A little girl with unruly black hair stood next to Kellian, her arms wrapped around her little chest. “I’m cold,” she said in a blameful voice, as though anyone would care.
Down the length of the coupled sleds came the nuns, handing out new garments, while Kellian slipped the wafer into her thick hair, just above the clasp that held her braided locks close to her neck.

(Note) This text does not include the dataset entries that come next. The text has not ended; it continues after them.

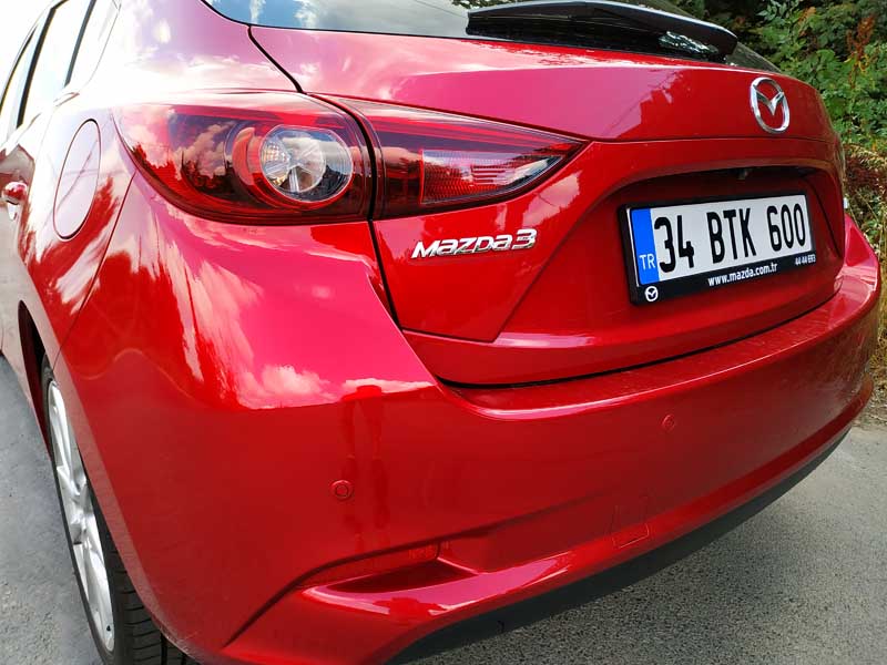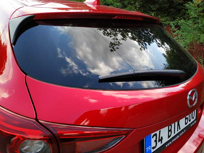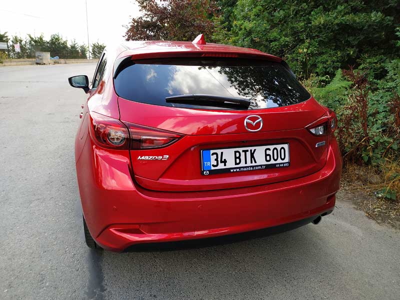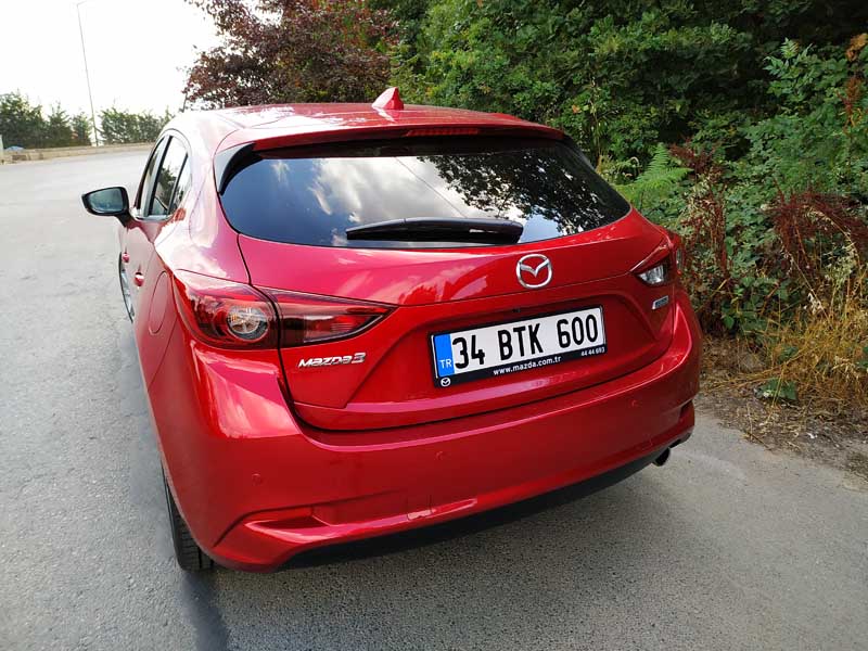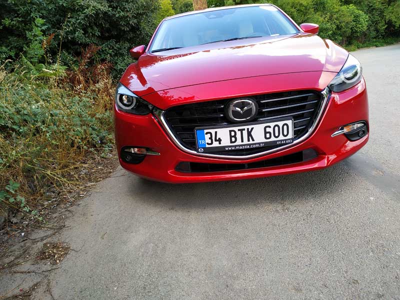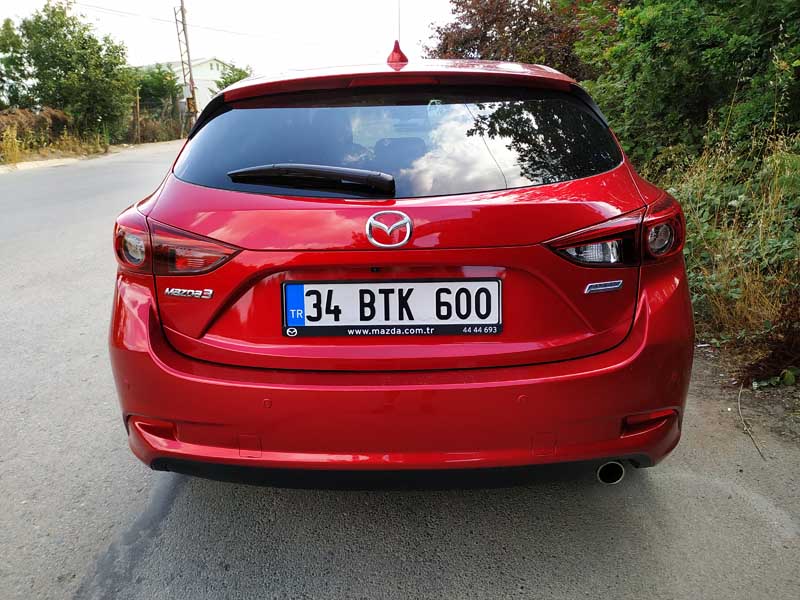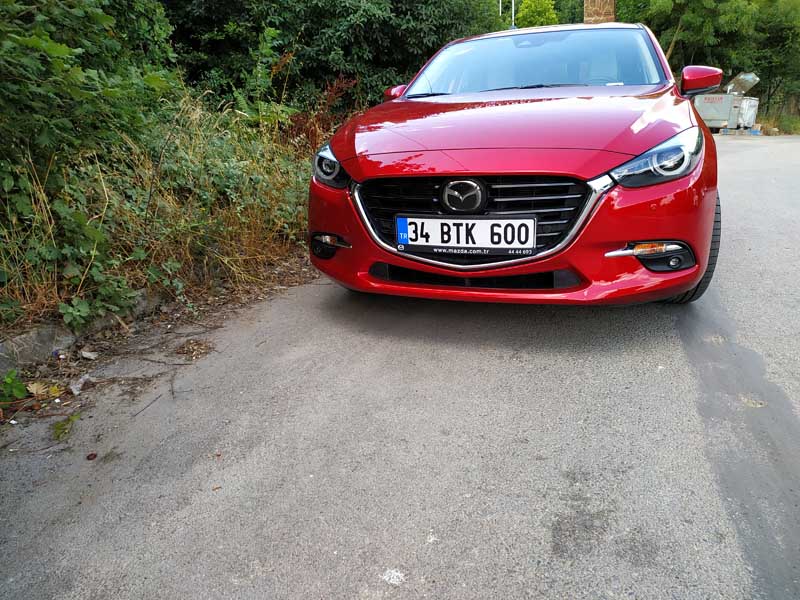 Aracın ön tarafının ne kadar kaslı ve büyük durduğunu söylememe gerek yok. Yeni Mazda3 2019 modelinde ise ön tarafta ciddi bir şekilde değişim ve makyajlanma söz konusu. Yakın zamanda gelecek ve bizde yeni Mazda3’ün neye benzediğini yakından göreceğiz. Mazda3 HB Test aracımızın üzerinde Dunlop marka Maxx model Sport lastikler bulunmakta. Bu lastikler kullanımda her ne kadar konfordan çok ödün vermiyor gibi gözüküyorsa da hız ve performans bakımından aslında iyi. Özellikle Mazda3 Hb fren destek sistemi ve ABS ayarı beni yine kendine hayran bıraktı. Özellikle aracın frenleri oldukça iyi çalışmakta. Fakat bu lastikler bazı kaygan hava yol şartlarında asfaltta özellikle testimiz esnasında 60-70 km hızlar ile sert ani frenajlarda kayarak durma mesafesini biraz uzattı.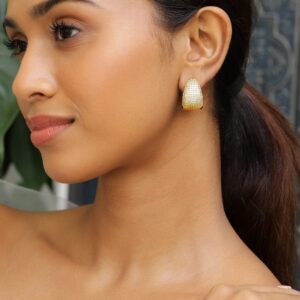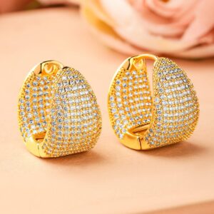 Earrings : Add a glamorous touch to your look with these 18K gold-plated hoop earrings, encrusted with shimmering cubic zirconia. Featuring a unique tapered design, these statement hoops radiate elegance and luxury. Occasion : Bring your style to a whole new level with this handcrafted piece of jewellery. When you’re celebrating a special Occasion : – a birthday, wedding, or personal milestone – this piece adds that extra something that makes us feel special and looking our best. Material : & Care Dimension : Length : 2.5 cm, Width: 1.5 w Net Weight: 16.86 g Net Quantity : 1 Pair Of Earrings Material :Brass Care Label : It is advisable to avoid contact with water and organic chemicals i.e. perfume sprays. Store jewellery in airtight box. After use, wipe the jewellery with soft cotton cloth.
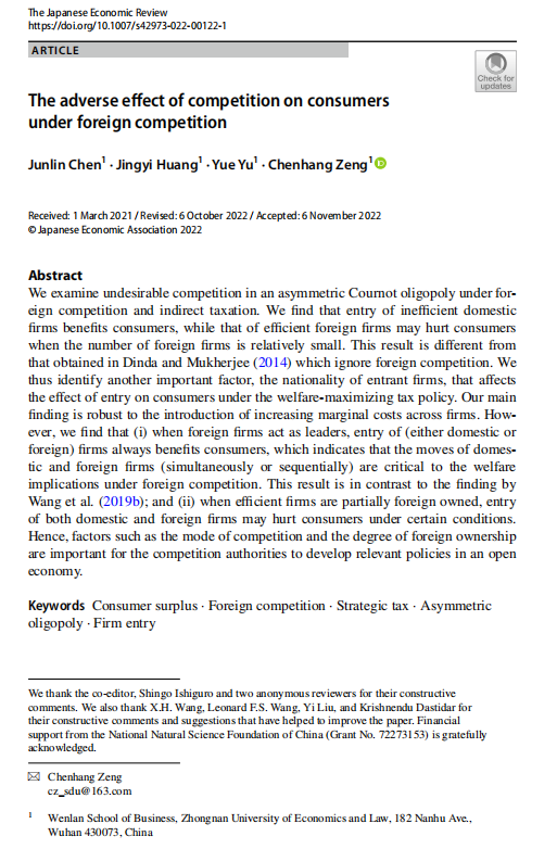 麻豆视频 曾辰航教授指导2018级本科生的两篇学术论文在经济学国际一流SSCI期刊上在线发表。其中陈俊霖(2018级),Arijit Mukherjee教授(英国诺丁汉大学),和曾辰航教授合作的论文“Social Efficiency of Entry in a Vertical Structure with Price Discrimination”于2022年上半年在国际理论经济学权威期刊The B.E. Journal of Theoretical Economics上成功发表。另一篇由陈俊霖(2018级),黄婧颐(2018级),余玥(2018级),和曾辰航教授合作的论文“The Adverse Effect of Competition on Consumers under Foreign Competition”近日在经济学国际一流SSCI期刊Japanese Economic Review在线发表。这充分展现出麻豆视频 培养的本科生在国际一流SSCI期刊上的发表继续高歌猛进。目前,陈俊霖同学在北京大学光华管理学院攻读博士学位,黄婧颐同学和余玥同学分别在美国哥伦比亚大学和新加坡国立大学攻读硕士学位。
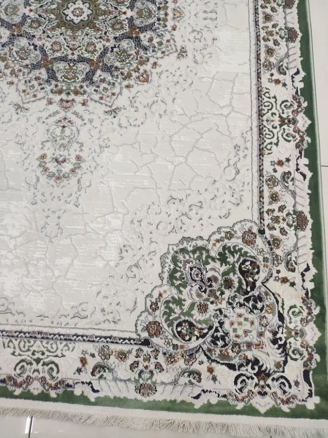 Коротко: «Ковер Amira 4922A D. Blue-L. Grey (зелёный)» (Amira, Elisa Rugs, Турция) — ковер для дома, гостиной. материал: полиэстер, стиль: в классическом стиле, цвет: кремовый, зеленый, коричневый, ворс: 9 мм, плотность: 528000 точек/м², основа: 100% Хлопок, ориентирован на классическую подачу, страна производства: Турция.

All eyes were on the nuns’ castle. Built from stone quarried deep below Ice, they said the place took one hundred years to build. Each stone was perfect, placed by the brothers who served the nuns. In the center of the edifice, massive twin pillars framed a doorway large enough for a giant to pass through. The rest of the nunnery spread out into two wings, with slick black walls slanting toward crowning parapets. Slits of windows squinted at her. Apparently the nuns didn’t look out much.
They called this the Keep, or sometimes, the Zoft, after the gigantic uplift of Ice called the Zoftian Rise, against which the Keep huddled. It was said that long ago an earthquake erupted on the barrens, creating this great escarpment. Along the massive vertical fractures of the rise leaked stains of light. Ice sometimes spoke to the nuns, so the legend went, and so it looked, with colors flickering like lightning strikes.
The lesson of this stop on their journey was clear. In front of these adamantine walls you were a suppliant; you were nothing. It seemed an ominous beginning for her great adventure.
She looked up at the sky, searching for a telltale gleam of the great ship. The vessel was cloaked in dazzling blue sky. But Kellian knew it was there. She had met the lady of the star ship. What knowledge did the sisters command, she wondered, and what more did the ship know? So despite the cold wind sweeping over the land, despite the forbidding aspect of the Zoft, Kellian could barely contain her excitement.